Says Vinay Kamat, head of research at JM Share & Stock Brokers: In the next few weeks, the rating of India by large foreign institutions will come up for a review, and India is likely to be placed in an investible grade.
Besides this, it is expected that there will be a further cut in CRR of one percentage point and corporate results are expected to be better. The only depressing factor would be the slowdown in the economy in terms of GDP growth. We expect a 6.1 per cent GDP growth.
Any further sops that marketmen would expect from the government will come only in the next budget.
Says Padmakant D Shah, a senior governing board member of BSE: We are facing a major financial crisis owing to scarcity of money in the market. The political uncertainty has added to the market woes. The government did not even touch the double taxation of dividend norm. The UTI official pointed out that the market need not expect any sop from the government till the next budget.
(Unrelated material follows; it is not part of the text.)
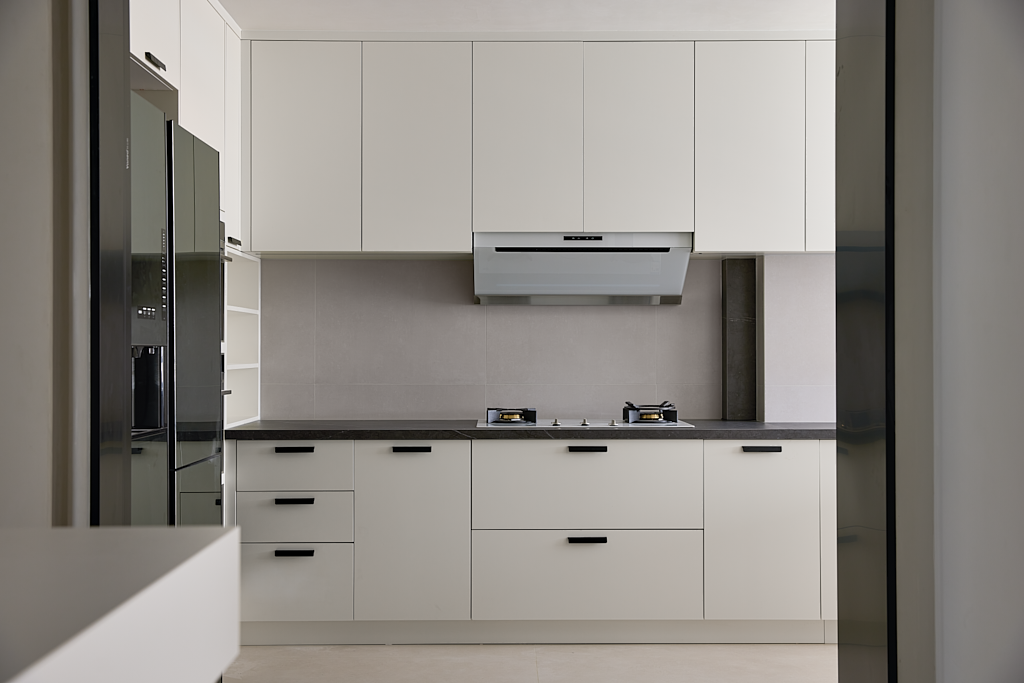 空间布局:客厅为一切的伊始,设计师置入自身建筑型思维,注重细节和建筑构造的美感。从客厅到餐厅的转场并没有刻板印象中的厚墙阻隔,餐厅墙面和电视墙如同两块穿插的积木,于两个区域间创造出独特的联动感。空间的形体被塑造得别具一格,这样打破常规的设计,传递的更是一种不落俗套的生活格调。

We will have to wait till the next budget even to expect something, he said.
The market is expected to bottom out by November or December. Adds a dealer at a leading institutional brokerage: It is expected that there will be a slowdown in major companies and a sell-off close to bottom, which is expected to be at around 3000-3200.
There is also a general concern expressed by marketmen that domestic savings are being diverted to debt and fixed-income instruments and that there is no interest in equities.
Says Ajit Ambani, BSE member: There is an overall slump in industries like building and diamond. The small investor's fascination for debt will be short term as this segment will also reach a point of saturation.